Much examples and definitions, but not many ties to real world problems. It
sounds quite arbitrary, in fact.

I think that a good primer needs to talk of probabilities as degrees of belief
from the start. Then sketch the basic premises (Probabilities are encoded in
real numbers, they abide common sense, and are consistent). Then go on to the
[0, 1] interval and state the product and sum rules. We can gloss over Cox
theorem, though we probably should stress that the sum and product rules are
not axioms, but theorems based on the basic premises above.

And _then_ , one can talk about probability distributions, random variable and
"probability space", in terms of the above.

From then, one would understand why a toss of a die yields a uniform
distribution: not because the dice itself is "fair", but because we just have
no idea whatsoever which side will come up, and don't have any reason to
favour any hypothesis over the others.
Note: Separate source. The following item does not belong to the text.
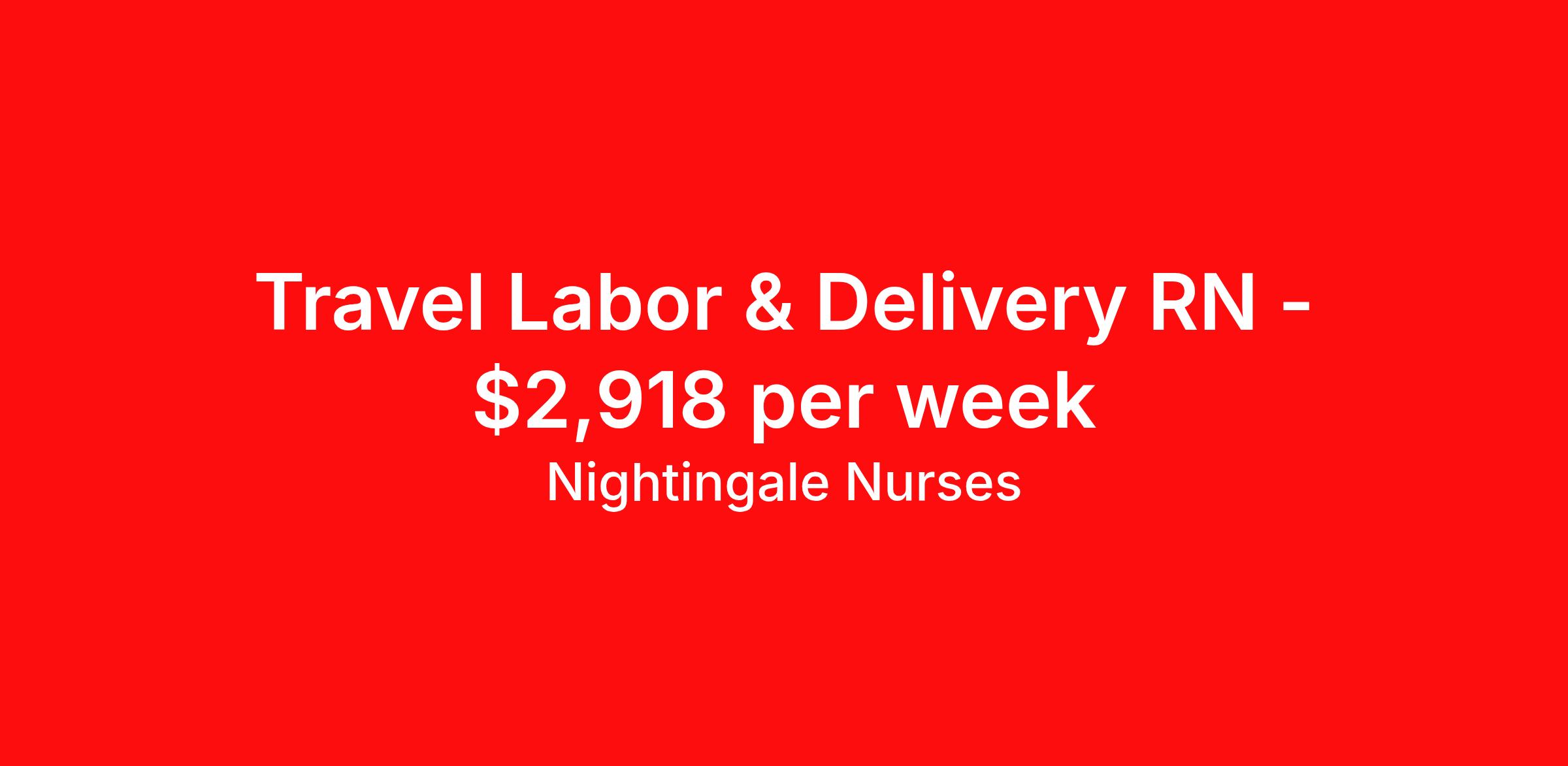Nightingale Nurses is seeking a travel nurse RN Labor and Delivery for a travel nursing job in Lamar, Colorado. Job Description & Requirements Specialty: Labor and Delivery Discipline: RN Start Date: 04/06/2026 Duration: 13 weeks 36 hours per week Shift: 12 hours, nights Employment Type: Travel About Nightingale Nurses the first name in travel nursing You may not realize it, but as an RN with real world hospital experience, you are legendary. To the lives you’ve helped save, the patients you’ve cared for, and to the hospitals where you’ve done it. And you’re just getting started. Legendary is where Nightingale begins. We’re the first name in travel nursing, representing only the very best RNs. That’s why hospitals prefer us, allowing us to offer exceptional travel nursing assignments all over the US, as well as the highest pay rates and most extensive benefits in the industry. Nightingale facilitates every aspect of your travel nursing assignment, so you can focus on doing what you do best. We want you to grow, explore, and enjoy unrivaled liberty, the freedom to nurse.

This distribution is not a property of
the die, but a measure of our own ignorance.

------
StevenXC
I just spent some time going though this blog - very interesting stuff,
ranging from probability to code to topology to poker puzzles. Nice link.

------
tom_m
If you guys like probability and real world examples, you may wish to follow
my research (and educational process) here:
<http://www.shift8creative.com/posts/social%20media>

I'll be updating it with more geeky math and how it relates to social media in
the future.

I'm not a statistician or mathematician, so I really appreciate this article
and the links in the comments. Thanks!

------
polskibus
Does anyone know of a similar resource but with real world examples and
perhaps R snippets? Would be great if I could practice two things at the same
time.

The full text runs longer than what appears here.